Step-By-Step Process To Deploy Kubernetes On Your Raspberry PIs!!

Step-By-Step Process To Deploy Kubernetes On Your Raspberry PIs!!

Overview

Kubernetes is one of orchestration system which is getting popular for the last five years. Google initially makes it, but now it’s maintained by its vast community worldwide. That’s why it might become a new standard for container orchestration. But having a Kubernetes cluster might be a bit expensive. You have to run at least two or three nodes to run the cluster and try several demo projects on that cluster. That could be overkill for someone. But how if we have a Kubernetes that might run in our local computer? That should be an exciting thing.

Hardware Need ( Must Have )

  • Raspberry PI (3/4 Min 2GB RAM): Minimum 2 Nodes ( 1 Master Node, 1 Worker Node )
  • Power Supply Unit ( 15W Type-C for Rasp4 or You can use POE Hat )
  • Ethernet Cable ( Minimum CAT 5e/6 ( Rasp supports up to 1Gbps ))
  • Micro SD Card ( Min 8 GB, Recommended 32 GB )
  • Good Case With FAN ( Saves your rasp from dirt and excessive heat )

Software Requirement

  • Etcher or Raspberry PI Imager
  • Ubuntu 20.4 64Bit ARM ( OS )

Setup Process

Part - 1: Setup RaspberryPIs

  • Use Raspberry PI Imager (Recommended) or Etcher to boot ubuntu 20.4 64Bit on SD Card
  • When Imager flashes the OS in the SD Card, open the boot drive and create a file name ssh (Without any extension).
  • Boot your Rasps
  • Check the rasp IP from your router or use Nmap to network scan like this: nmap -sP 192.168.0.0/24
  • SSH to rasps ( Ex: ssh ubuntu@10.0.1.49 )
  • Default username : ubuntu & default password : ubuntu
  • Do all the basics things you always do with your rasps like setup static IP, setup dotfiles, and other stuff.

Part - 2: Setup MicroK8s

Microk8s provides a single command installation of the latest Kubernetes release on a local machine for development and testing. Setup is quick, fast (~30 sec), and supports many plugins, including Istio, with a single command. Since K8s is not the easiest thing to get started with, having a tool that would make it easy for you to get going is very desirable.
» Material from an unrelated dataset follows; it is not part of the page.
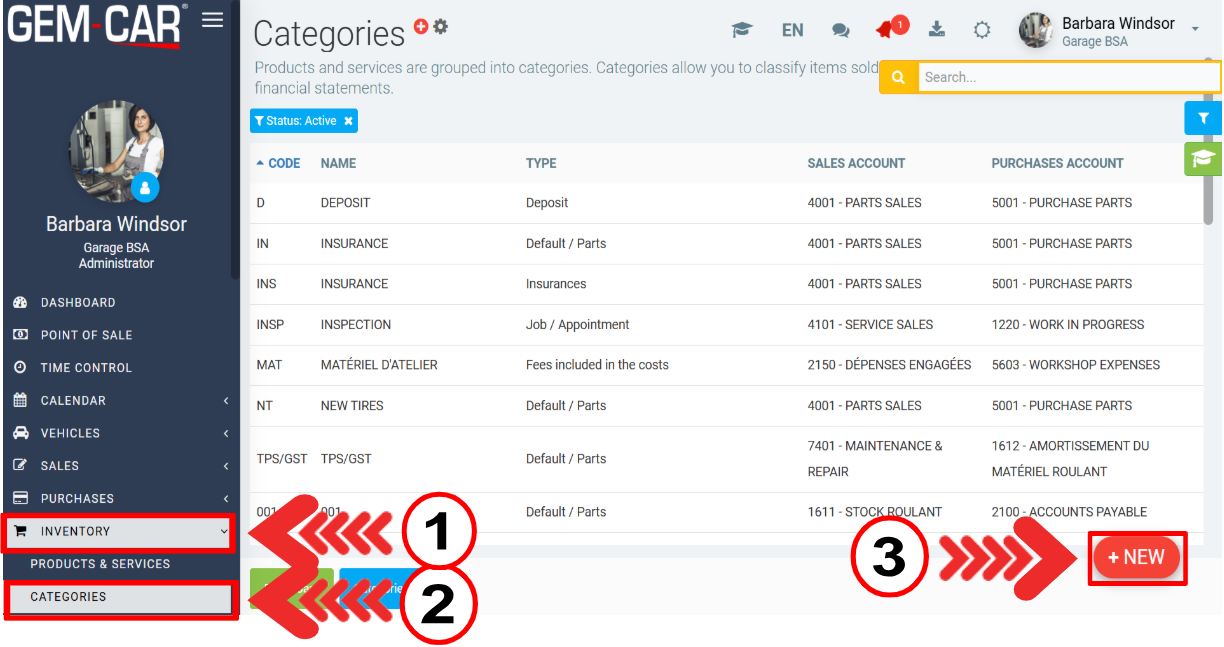 In the left side menu, click on Inventory > Categories > +New (on the bottom right side of the screen).

microk8s is strictly for Linux. There is no VM involved. It is distributed and runs as a snap — a pre-packaged application (similar to a Docker container). Snaps can be used on all major Linux distributions, including Ubuntu, Linux Mint, Debian, and Fedora.
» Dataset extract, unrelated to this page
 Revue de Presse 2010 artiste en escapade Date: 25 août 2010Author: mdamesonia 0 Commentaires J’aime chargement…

A. Setup Docker and Do Some Other Tweaks Before Installing Kubernetes

It is not a surprise we are going to use Docker Engine for the container runtime. Despite there are alternatives in rkt, cri-o, and others. However, at a closer look, we can see Kubernetes uses containers. We use docker because it is the most famous container system and relatively easy to deploy.

# Do this on all of your nodes ( Rasps )

# Install Docker
$ curl -sSL https://get.docker.com | sh


--------------------------------------------------------------------------------------
## Enable cgroups (Control Groups). Cgroups allow the Linux kernel to limit and isolate resources.
# Practically speaking, this allows Kubernetes to manage better resources used by the containers it runs and increases security by isolating containers from one another.

# Inspect Docker
$ docker info
(...)
 Cgroup Driver: cgroups
(...)
# If docker info shows this you need to change Cgroup to systemd, To allow systemd to act as the cgroups manager.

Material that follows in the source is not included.